This seems really cool! Something similar could probably be developed for intake.

martindurant · 2018-05-16T13:51:03Z

We could certainly do something like that. I'm not certain how the initial "catalogue location" would be populated (file-browser, list of recent locations, set of builtin cats?), but listing entries and their brief details, and then injecting load commands sounds very worthwhile. I'll raise the issue with Intake.

martindurant · 2018-05-20T01:04:15Z

Unless you missed it, @rabernat , the latest release of dask, now on the pangeo cluster, does not include my fix for HTTP downloading of the catalogue (github's headers give incorrect information about the file size).
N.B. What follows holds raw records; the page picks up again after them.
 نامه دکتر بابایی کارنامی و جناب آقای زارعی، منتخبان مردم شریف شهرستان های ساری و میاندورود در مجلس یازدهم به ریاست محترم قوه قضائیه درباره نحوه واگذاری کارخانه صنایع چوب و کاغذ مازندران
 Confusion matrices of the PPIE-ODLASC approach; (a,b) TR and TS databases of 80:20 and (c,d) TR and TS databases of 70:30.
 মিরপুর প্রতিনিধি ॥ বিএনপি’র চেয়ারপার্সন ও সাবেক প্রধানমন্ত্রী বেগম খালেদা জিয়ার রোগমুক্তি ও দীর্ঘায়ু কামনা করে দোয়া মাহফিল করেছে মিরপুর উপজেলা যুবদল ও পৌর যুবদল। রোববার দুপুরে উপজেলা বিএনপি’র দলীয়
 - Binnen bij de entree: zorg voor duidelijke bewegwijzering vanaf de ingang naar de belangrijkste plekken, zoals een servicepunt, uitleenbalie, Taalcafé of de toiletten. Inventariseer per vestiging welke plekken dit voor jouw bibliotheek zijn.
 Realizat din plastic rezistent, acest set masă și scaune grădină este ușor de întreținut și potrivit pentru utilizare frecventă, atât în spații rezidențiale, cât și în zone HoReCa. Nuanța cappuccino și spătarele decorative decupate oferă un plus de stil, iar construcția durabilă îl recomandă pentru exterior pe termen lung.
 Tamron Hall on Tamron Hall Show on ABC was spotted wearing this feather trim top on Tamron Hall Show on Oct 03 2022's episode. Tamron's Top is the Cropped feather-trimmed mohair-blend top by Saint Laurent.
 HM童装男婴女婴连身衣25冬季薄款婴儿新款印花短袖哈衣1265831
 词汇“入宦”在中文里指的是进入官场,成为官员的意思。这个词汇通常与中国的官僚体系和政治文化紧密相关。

rabernat · 2018-05-20T19:52:33Z

@martindurant - I'm not sure I understand your comment. In the dockerfile of #231, you specified dask=0.17.5. This is unchanged in the most recent dockerfile of my latest update (#261).

I get the impression from your comment that intake is still not working properly on the pangeo cluster. What went wrong? Your fix for the HTTP downloading was not yet merged when 0.17.5 was release? What do we need to do to fix it at this point?

martindurant · 2018-05-20T19:56:50Z

Specifically, my fix for HTTP was merged into master in time, but the 0.17.5 release was not based on master, but to do with quick fixes for the pandas release that also just happened - so my fix is not in the release, and the (commented) lines for intake in the notebooks don't currently work :|

@mrocklin suggested that he would want to return to installing some packages from master, but that of course comes with its own problems of things changing between image rebuilds.

rabernat · 2018-05-20T20:01:27Z

It looks like Matt is working on pointing us to a consistent set of commits for dask-related packages over in pangeo-data/helm-chart#29.

Can you inspect that PR and verify whether it includes the fixes necessary for intake to work?

martindurant · 2018-05-20T20:19:39Z

Yes, this line includes the code:
https://github.com/dask/dask/blob/bf5cfb01da7c6bc13f6e968df307f0352cb942ff/dask/bytes/http.py#L207 so all should be good.

stale · 2018-07-19T20:47:31Z

This issue has been automatically marked as stale because it has not had recent activity. It will be closed if no further activity occurs. Thank you for your contributions.

stale · 2018-07-26T21:14:56Z

This issue has been automatically closed because it had not seen recent activity. The issue can always be reopened at a later date.

rsignell-usgs · 2018-07-27T10:21:14Z

A more general and scalable way to create a catalog for Pangeo would be to create ISO metadata records for each Pangeo dataset and harvest them into pycsw, which would then support catalog search using CSW, the Open Geospatial Consortium Catalog Service for the Web.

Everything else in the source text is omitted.